§ **Records**
********************

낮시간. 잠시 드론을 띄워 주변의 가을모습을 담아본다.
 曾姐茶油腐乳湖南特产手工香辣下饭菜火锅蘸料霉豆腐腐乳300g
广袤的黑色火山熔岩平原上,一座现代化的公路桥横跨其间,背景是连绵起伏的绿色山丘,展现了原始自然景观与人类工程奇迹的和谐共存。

********************

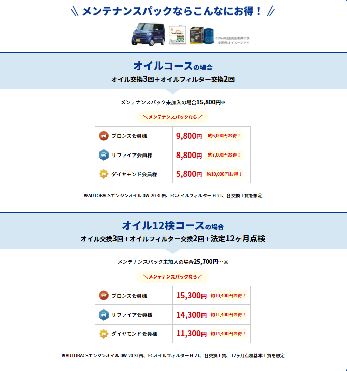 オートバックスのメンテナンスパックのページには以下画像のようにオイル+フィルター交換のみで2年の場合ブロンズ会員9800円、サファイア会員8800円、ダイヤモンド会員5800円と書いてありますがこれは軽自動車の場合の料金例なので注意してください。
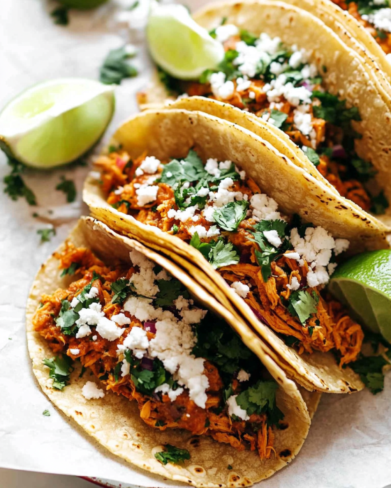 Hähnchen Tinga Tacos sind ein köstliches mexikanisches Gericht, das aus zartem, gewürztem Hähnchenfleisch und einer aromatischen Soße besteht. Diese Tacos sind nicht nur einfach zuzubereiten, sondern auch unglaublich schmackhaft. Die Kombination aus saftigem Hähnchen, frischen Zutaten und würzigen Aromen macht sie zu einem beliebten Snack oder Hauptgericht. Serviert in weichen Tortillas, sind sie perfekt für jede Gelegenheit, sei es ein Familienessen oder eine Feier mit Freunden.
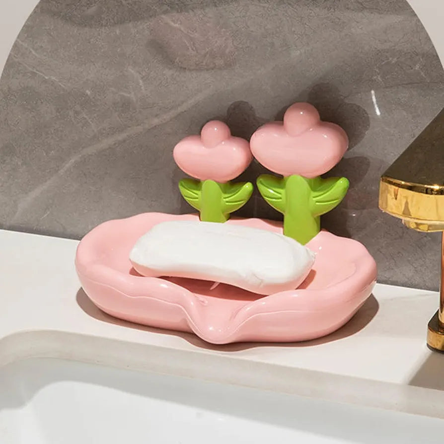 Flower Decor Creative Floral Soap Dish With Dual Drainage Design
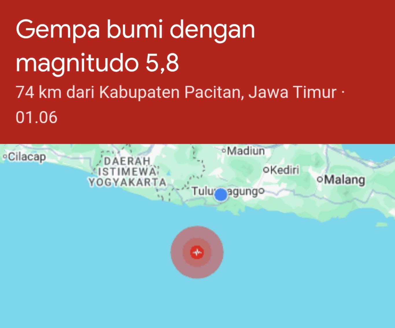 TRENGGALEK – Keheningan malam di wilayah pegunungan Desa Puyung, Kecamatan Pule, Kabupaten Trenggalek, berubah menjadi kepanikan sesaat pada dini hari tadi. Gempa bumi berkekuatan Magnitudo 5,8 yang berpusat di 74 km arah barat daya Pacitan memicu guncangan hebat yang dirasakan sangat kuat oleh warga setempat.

********************

§ **Your assignment**
Would you please repeat exactly the lines above, starting at the line with "낮시간. 잠시 드론을 띄워 주변의 가을모습을 담아본다." and stopping at the line with "广袤的黑色火山熔岩平原上,一", both included?

§ **Response**
낮시간. 잠시 드론을 띄워 주변의 가을모습을 담아본다.
 曾姐茶油腐乳湖南特产手工香辣下饭菜火锅蘸料霉豆腐腐乳300g
广袤的黑色火山熔岩平原上,一座现代化的公路桥横跨其间,背景是连绵起伏的绿色山丘,展现了原始自然景观与人类工程奇迹的和谐共存。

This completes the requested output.